Hello Terri and welcome. I was diagnosed with GCA and PMR in late June 2024, so I'm familiar with both of those conditions. I started at 60 mg per day of prednisone, and I've tapered down to 6. I also taking Actemra injections weekly.

Has the prednisone taken care of your pain and stiffness? 4 months seems like a reasonable amount of time to get down to 10 mg. I would think you could taper in steps of 2.5 mg per month, and once you get down to 10, stay there until your appointment. Just see how you feel and if the pain comes back, go back to the previous dose and then start tapering at a smaller decrease.

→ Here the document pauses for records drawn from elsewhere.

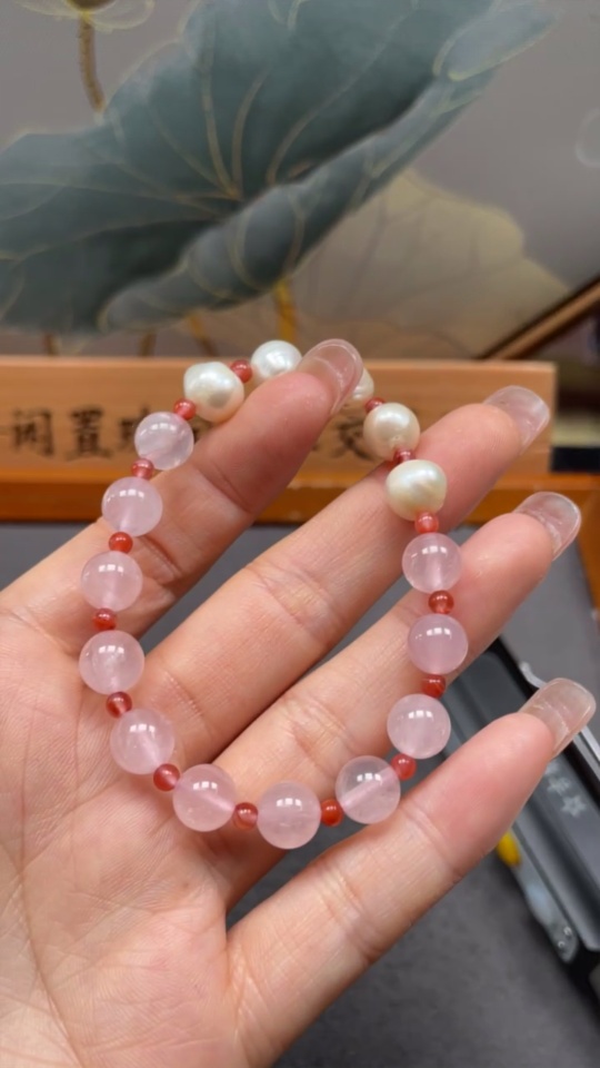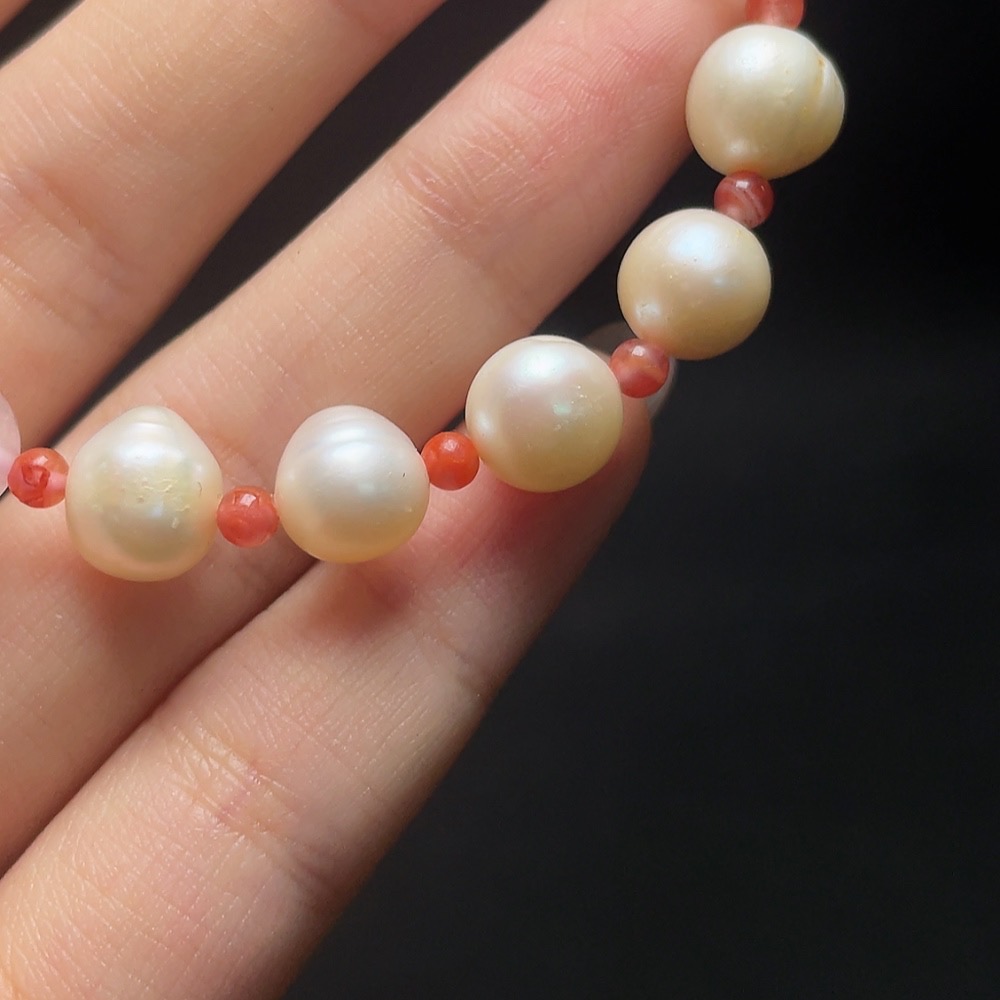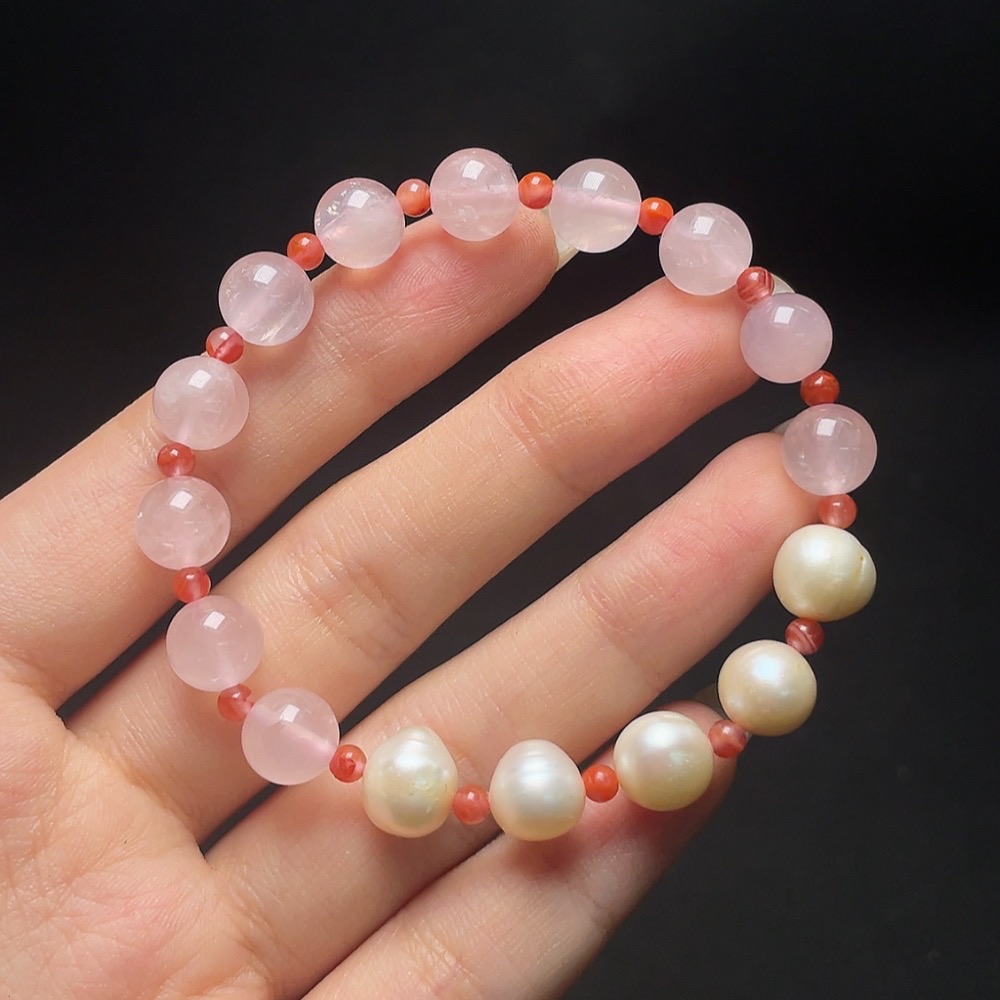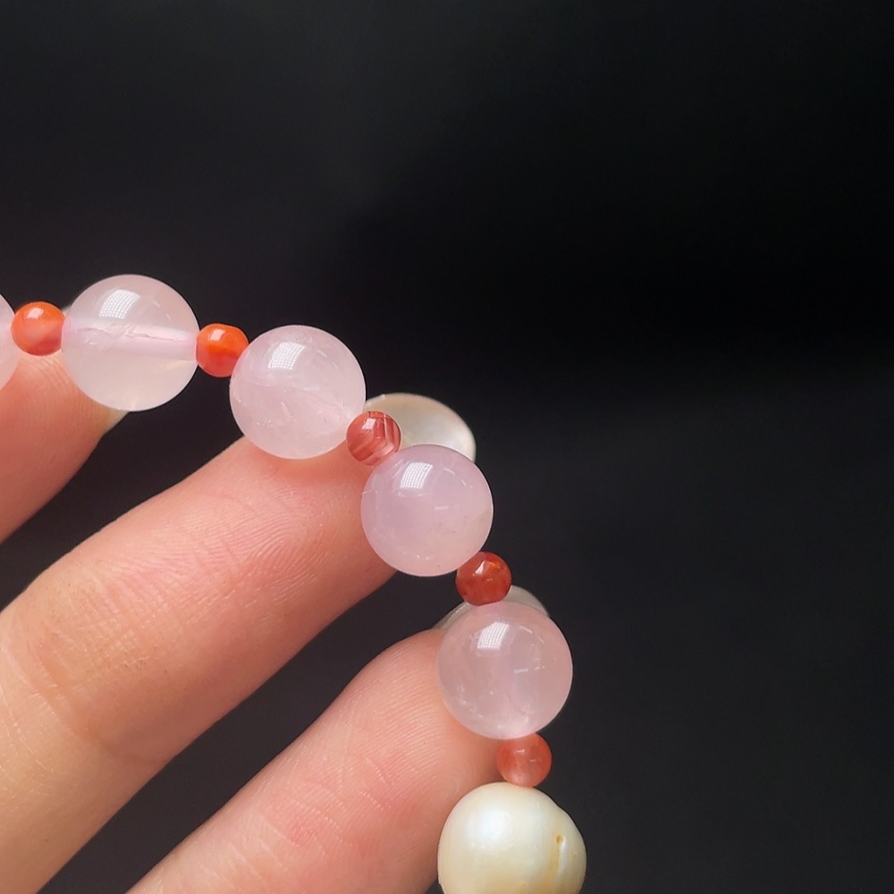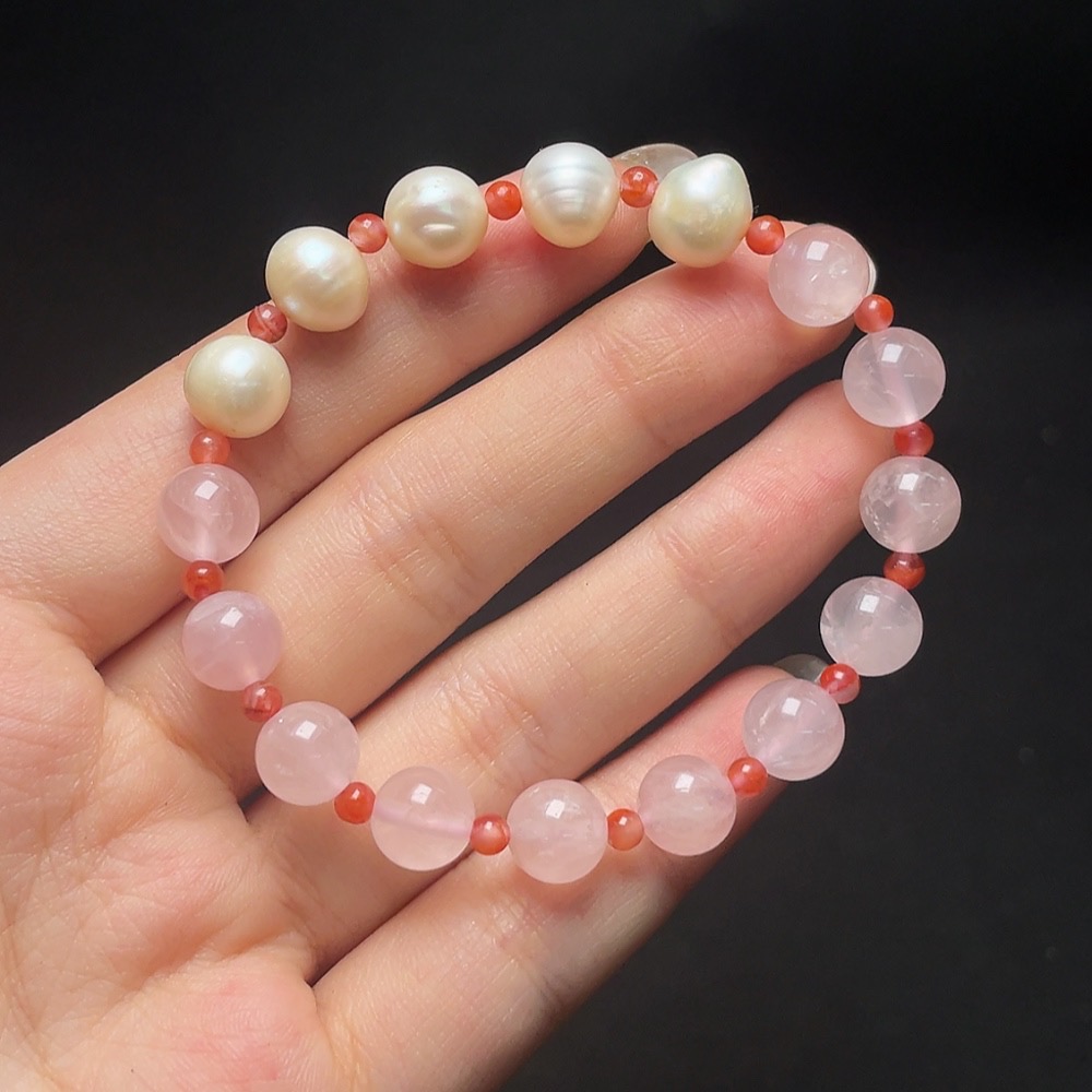 Crystal Bracelet with Pearl and Southern Red Agate, Total Weight Approx. 14.1g, Size About 8.3mm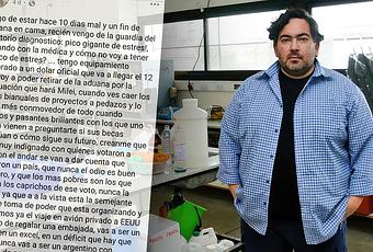 Tuvo tiempo para comentar: “¿Y cómo no voy a tener un pico de estrés? Tengo equipamiento comprado a un dólar oficial que va a llegar el 12 (de diciembre) y no voy a poder retirar de la Aduana por la devaluación que hará Milei. Cuando ves caer los planes bianuales de proyectos a pedazos y, lo peor y más conmovedor de todo, cuando becarios y pasantes brillantes con los que uno trabaja vienen a preguntarte si sus becas continúan o cómo sigue su futuro”.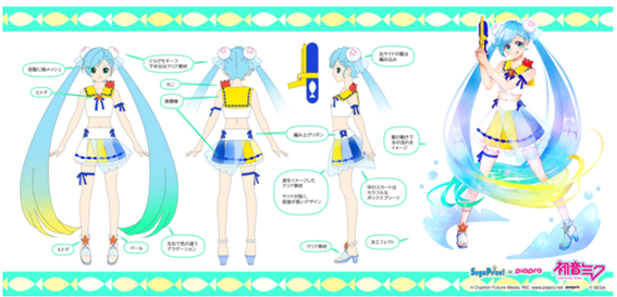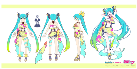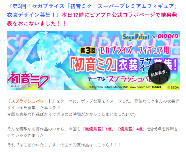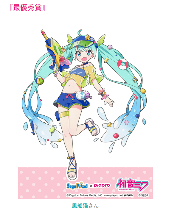 PIAPROクリプトン官方日前(3)報導最新消息,第三回SEGA「初音服裝設計大賽(スプラッシュパレード)引夏日色彩為題,並公開發表五位優秀作品,包含四位優選與一位「最優秀賞」殊榮,最大獎由台灣繪師風船猫老師與他的夥伴共同完成,且官方正著手「實體化景品」與壓克力吊飾等周邊發布,令人期待。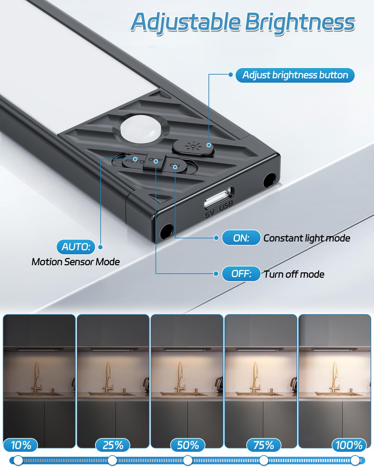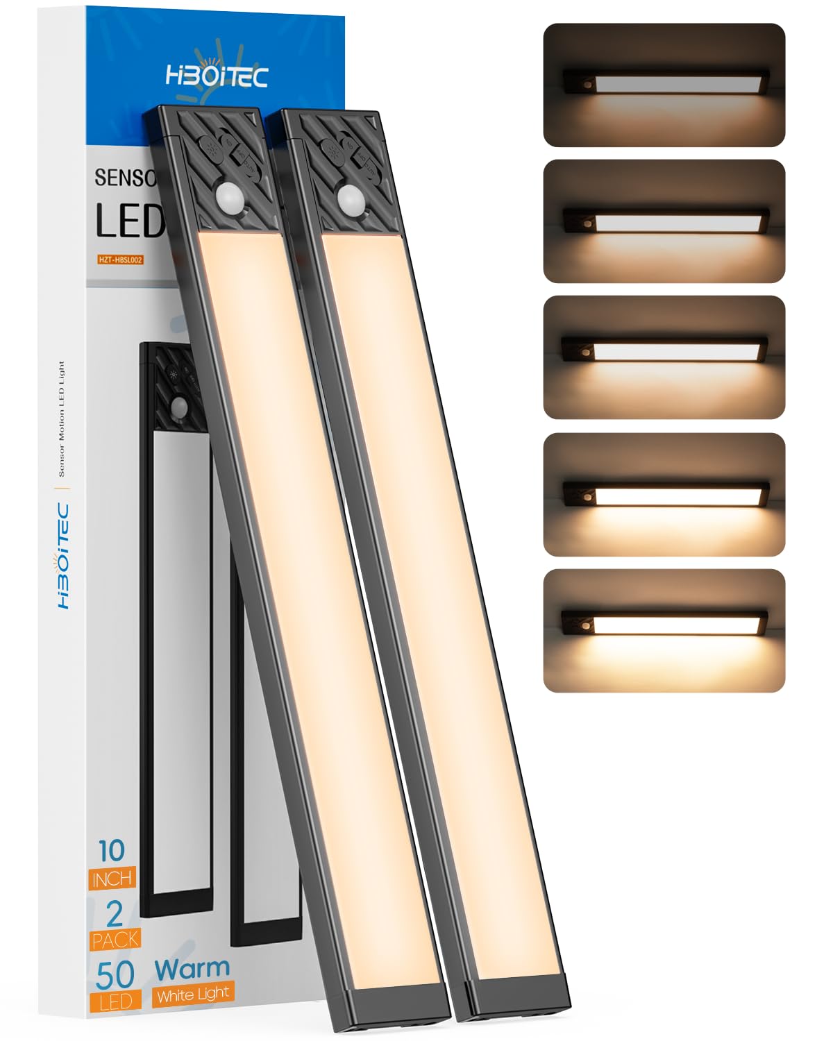 -About HIBOITEC Under-Counter Light Fixture -More Brightness: With 50 LEDs, up to 200 lumens, more bright than other fewer LEDs counter lights. -Larger Batter Capacity: Built-in 1500mAh rechargeable battery, larger battery capacity than other tap closet lights. -Longer LED Life: LED Life expectancy of more than 80000 hours, longer than other 50000 hours LED closet lights. -Two Modes Adjustable: On/ Off & Motion Sensor Mode. -USB Rechargeable: Using rechargeable design, easily charged via usb cable. No longer use AAA battery. -Stick on Anywhere: Using the magnetic back design, can stick on any iron product. -Wide Applications: Ideal for cabinets, closets, basements, stairwells, indoor garages, and so on.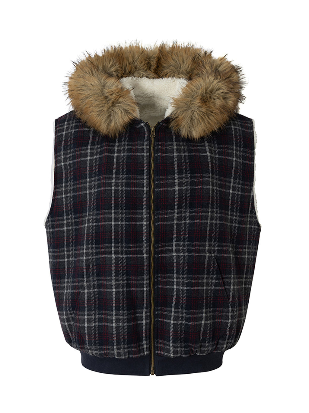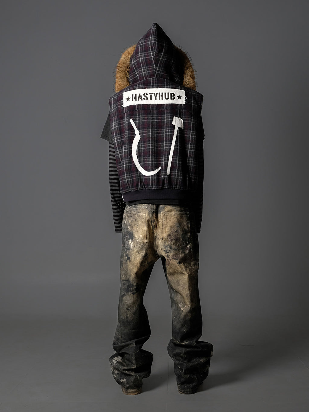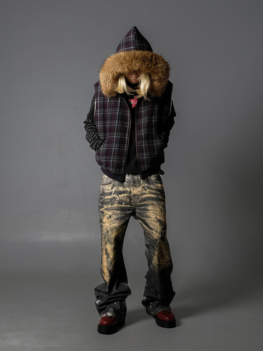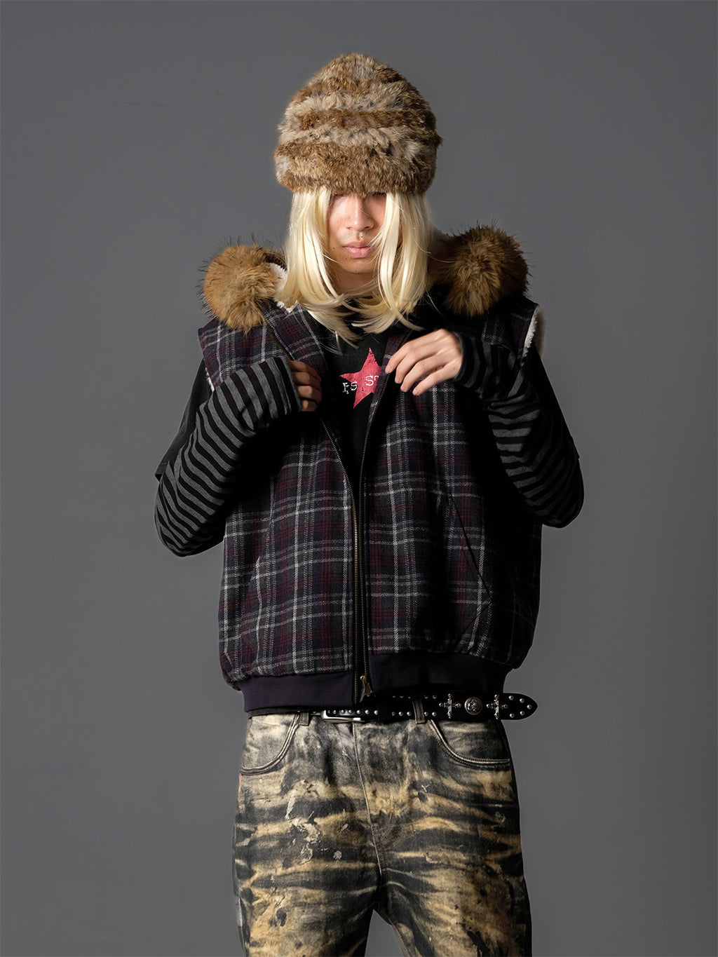Made with high-quality felt plaid fabric for the outer layer and 950g high-quality lamb's wool for the inner layer, this garment offers a structured and warm fit. The wide silhouette is flattering for all body types, from tall to short and slim, and enhances proportions. The patch print design on the back adds a unique touch, while the large fur collar adds a trendy element. It's the perfect choice for both stylish outfits and everyday commutes.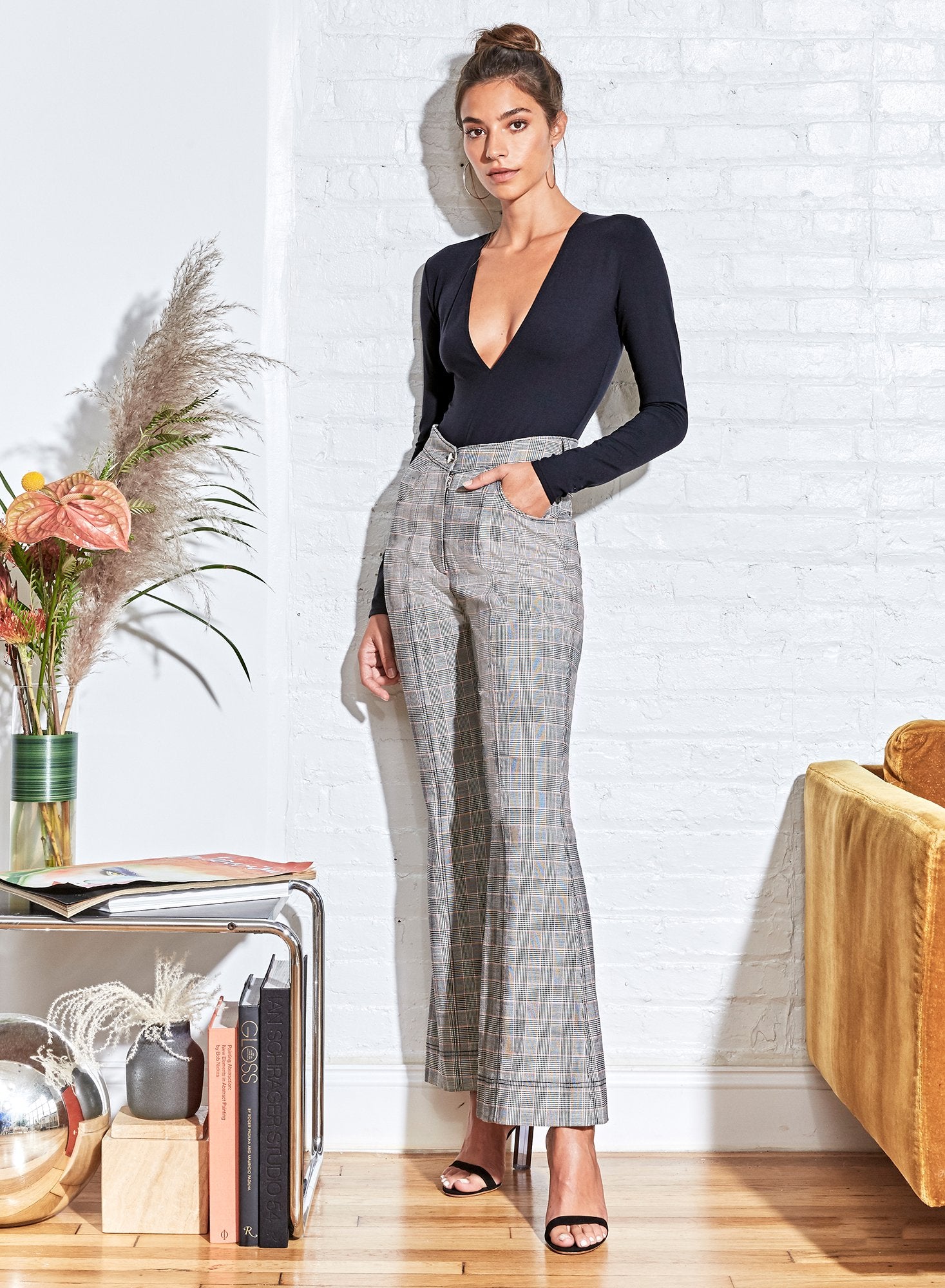 Take the plunge. Our Long Sleeve Deep-V Bodysuit features sexy deep v neckline with long sleeves. Soft stretch fabric hugs the body in all the right places. Thong cut. Looks chic with your favorite pair of boyfriend jeans, or dressed up with trousers.

Assuming you don't already have bone density issues, a standard piece of advice for anyone taking prednisone for an extended period of time is to take calcium and vitamin D supplements. I take a pill that combines both along with vitamins K2 and B12.

Also, take the prednisone as early in the day as possible along with food. I have to take a PPI, pantoprazole, to control digestive tract irritation. If you have problems you might need one too. Some people end up splitting their dose to get through the whole day better, but you can see how you do first with a single dose in the morning.

Are you having any problems with insomnia? I had a lot of trouble, but it went away once I got down below 40 mg per day. Hopefully you won't have that problem, but lots of people do.

Feel free to ask questions! I know I felt very much at sea when I was first diagnosed.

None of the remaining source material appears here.